The discussion is the the contingent that believes they are entitled to have someone else pay off their debts. They are face of the generation whether you like it or not. the Middle East conflicts have been nothing but background noise to this generation. That doesn’t mean there hasn’t been indirect prices to pay, but they aren’t prices that the generation are aware of and are consciously directly correlating to the wars.
You’re trying to draw two different discussions together. I am not advocating for college loans having anything to do with the wars in the Middle East as you are trying to do. You said it had no societal impact. That’s patently false. The economy crashed at a critical point (2008) in most peoples lives born in the timeframe that I outlined as they were nearing college and is on its second free fall as Covid hit and inflation runs rampant when we are approaching home-buying age. The wars in the Middle East have contributed greatly to America’s shitty economic downturn even if indirectly. If you don’t think so, then I think you have your head up your ass.
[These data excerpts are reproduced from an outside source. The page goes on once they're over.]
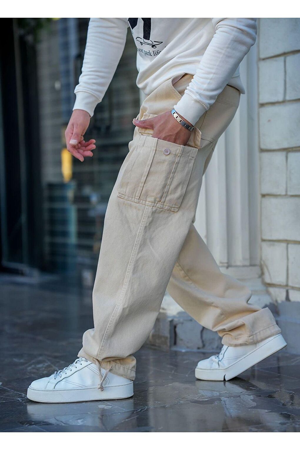 - نام : Erkek Gri Bagcıklı Kargo Cepli Baggy Denim Pantolon
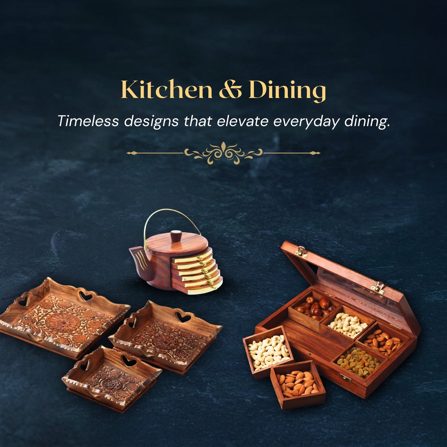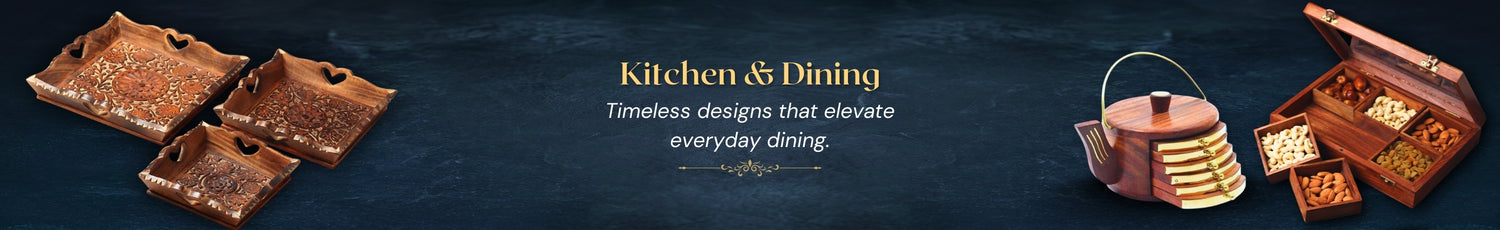 Nothing beats the timeless appeal of wood in the kitchen. Our range of kitchen wooden items includes chopping boards, serving trays, spice boxes, and more—each piece thoughtfully crafted to bring warmth and elegance to your cooking area. Durable, sustainable, and stylish, these wooden essentials are perfect for everyday use and special occasions.
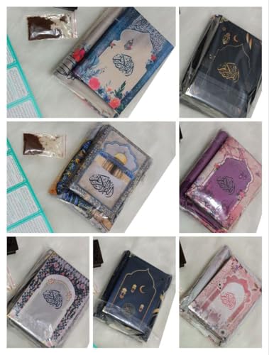 - مصحف بحجم متوسط بنفس لون السجادة، بتصميم أنيق يسهل حمله وقراءته، ليكون رفيقًا دائمًا في أوقات التدبر والتلاوة.
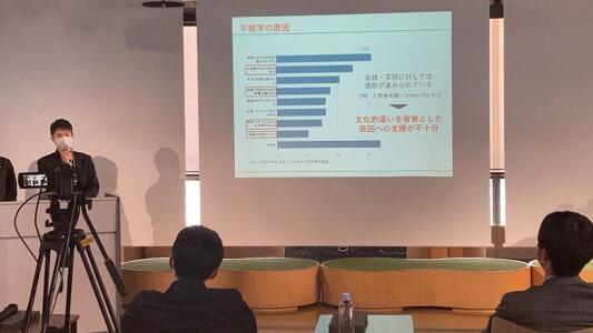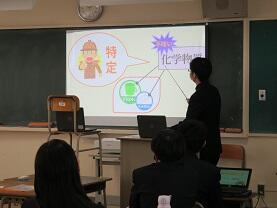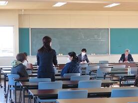 「進路プランニング」とは、総合学科の生徒が学ぶ科目「産業社会と人間」の本校での呼び方で、各自の進路について研究し、実現に向けて計画を立てる授業です。今年度の1年生は社会福祉・国際関係学ゼミ、工学ゼミ、文学心理語学ゼミ、教育・生活情報ゼミ、医療ゼミ、理学・農業ゼミ、法学政治経済学ゼミの7つのゼミに分かれ活動を行ってきました。12/17に各ゼミの代表者1名が発表を行い、学校代表を選出しました。
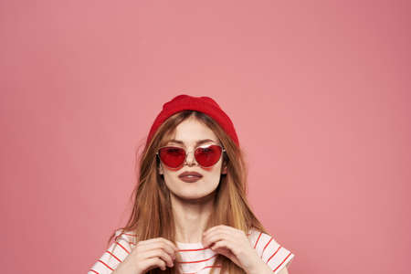 Beautiful fashionable woman in red hat with sunglasses Studio
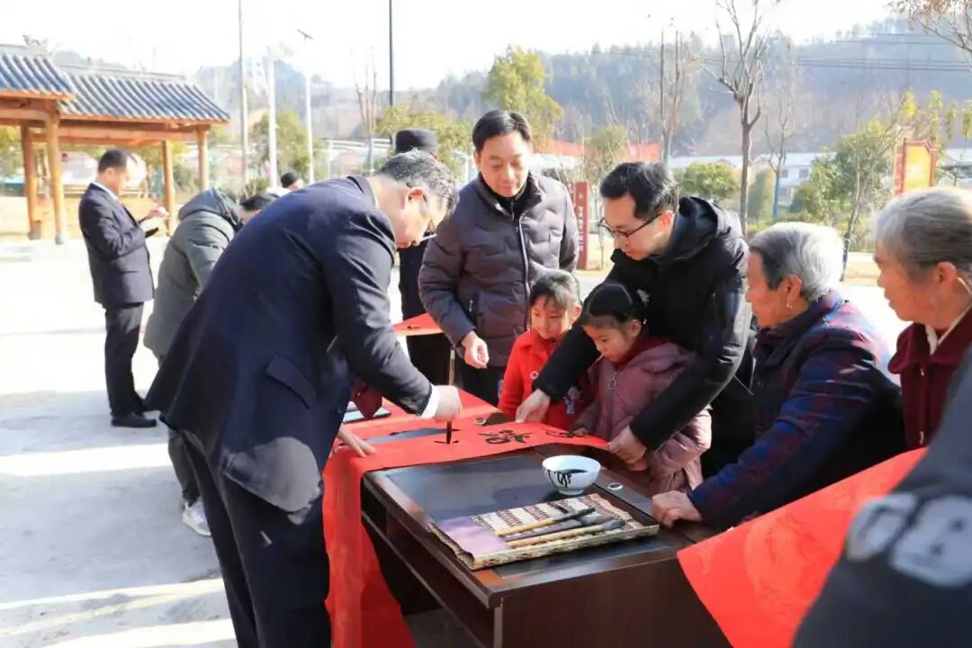自省检察院工作队驻村以来,工作队始终牢记职责使命,把群众需求放在心上,将文化振兴作为推动罗沟村乡村振兴的重要支撑。本次“万福迎春”送温暖活动,由湖北省检察院驻村工作队组织开展,郧阳区检察院联合区书法家协会,邀请书法家与检察干警共同为罗沟村村民写春联。此次活动,既是文化惠民的具体行动,更是与村民同心聚力绘就振兴蓝图的情感共鸣。

It's not quiet quitting. It's acting your wage. No one is willing to work harder than what they pay for when all they have to show for it are fake promises of raises, bonuses, and promotions. Uh, millennials have been a huge portion of the fighting force in Afghanistan. Some still made it to Iraq. I know when I was doing contract work in Afghanistan, it was mostly millennials.
The other big difference between the 70's/80's and now is that back then you at least had the idea that you might find a job and make a career out of working for that company. Today, fuhgeddaboutit. Most people are treated graciously when management wants something and like total dirt at all other times. The gig economy is all about controlling your employees by scheduling them in ways that it is hard for them to latch on somewhere else, even though you are carefully controlling their hours so that they are not full time and not eligible for benefits. This happens everywhere and to almost every young worker at entry level. Then we get upset when they take their job less seriously? Come on you guys know what's happening out there.